Thursday, February 15, 2007

Under the Eiffel Tower

Avenue Montaigne unfolds and concludes under the sign of the Eiffel Tower. What more perfect visual metonym for Paris, an ideal blend of austere modernity and a certain baroque passion, of lacy tracery constructed out of tempered steel. Yet Daniéle Thompson’s film, which opens today, is about the difficulties of accommodating oneself to the ultimate urban reality, the relentless forward motion of time that drives modern cities.

The film itself has a certain clockwork inevitability, from its opening montage of the city moving from night to the workday but, to Thompson’s credit, that inevitability never becomes predictability and she never yields to the temptations of melodrama or – for the most part – broad farce. The latter is rather surprising, given the presence of Valerie Lemercier in one of the central roles, a TV soap star playing in a Feydeau farce while desperately trying to get cast in an American megaproduction on the lives of Sartre and de Beauvoir.
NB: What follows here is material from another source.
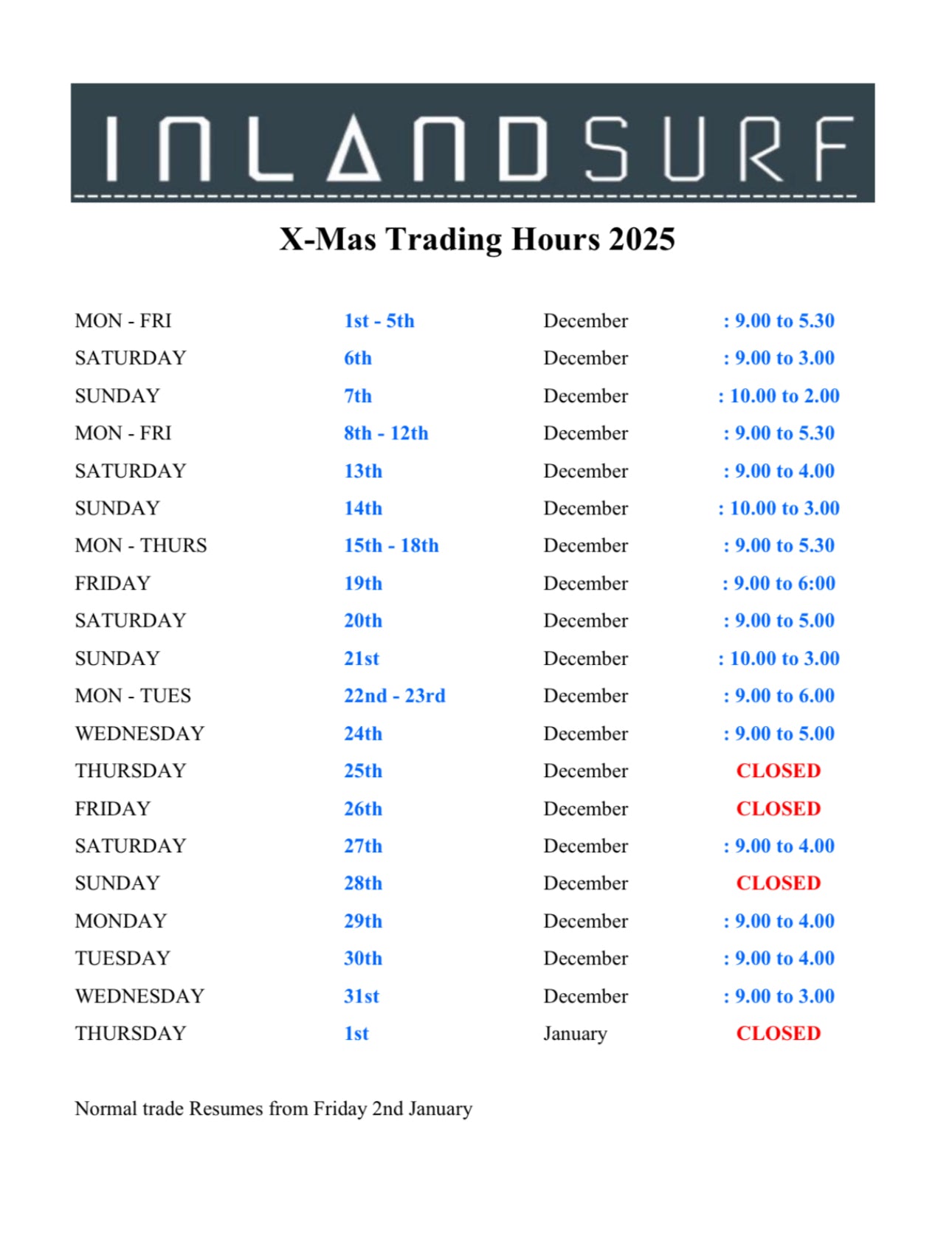 Christmas Trading Hours
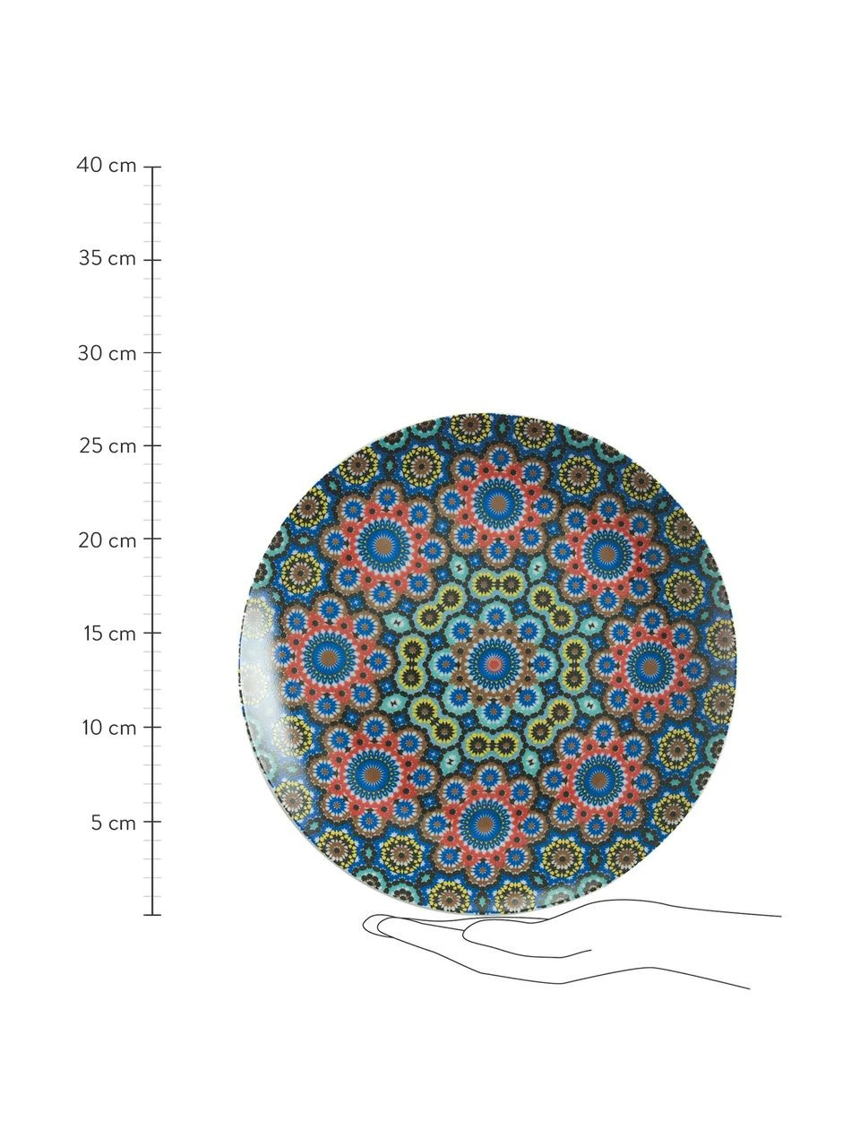 – Composé de 6 assiettes plates, 6 assiettes creuses et 6 assiettes à dessert dans 6 designs différents

That is one of four major plotlines the film juggles with pleasing deftness. Claude Brasseur (still looking like a ladykiller 51 years after his film debut, albeit a bit more rumpled) is a self-made millionaire who is unloading a lifetime’s worth of great art while struggling with his estranged son (Christopher Thompson, who co-wrote the film with his mother Daniéle); Albert Dupontel is a famous concert pianist who has reached a crossroads in his career and his marriage. What ties the film together, gently, is the presence of a young waitress recently hired in the bar tabac that all the characters frequent. Cécile De France who plays Jessica, the young lady in question, at first struck me as a competitor with Audrey Tatou in the “horrifyingly perky” contest, but unlike the irksome Ms. Tatou, she has more than two expressions and actually brings a nice native, naïve intelligence to the character.

The result is a thoroughly pleasant blend of gentle comedy and gentle melodrama, a decidedly charming couple of hours in the theater. (The theaters in question in New York City are the Lincoln Plaza and the Angelika.)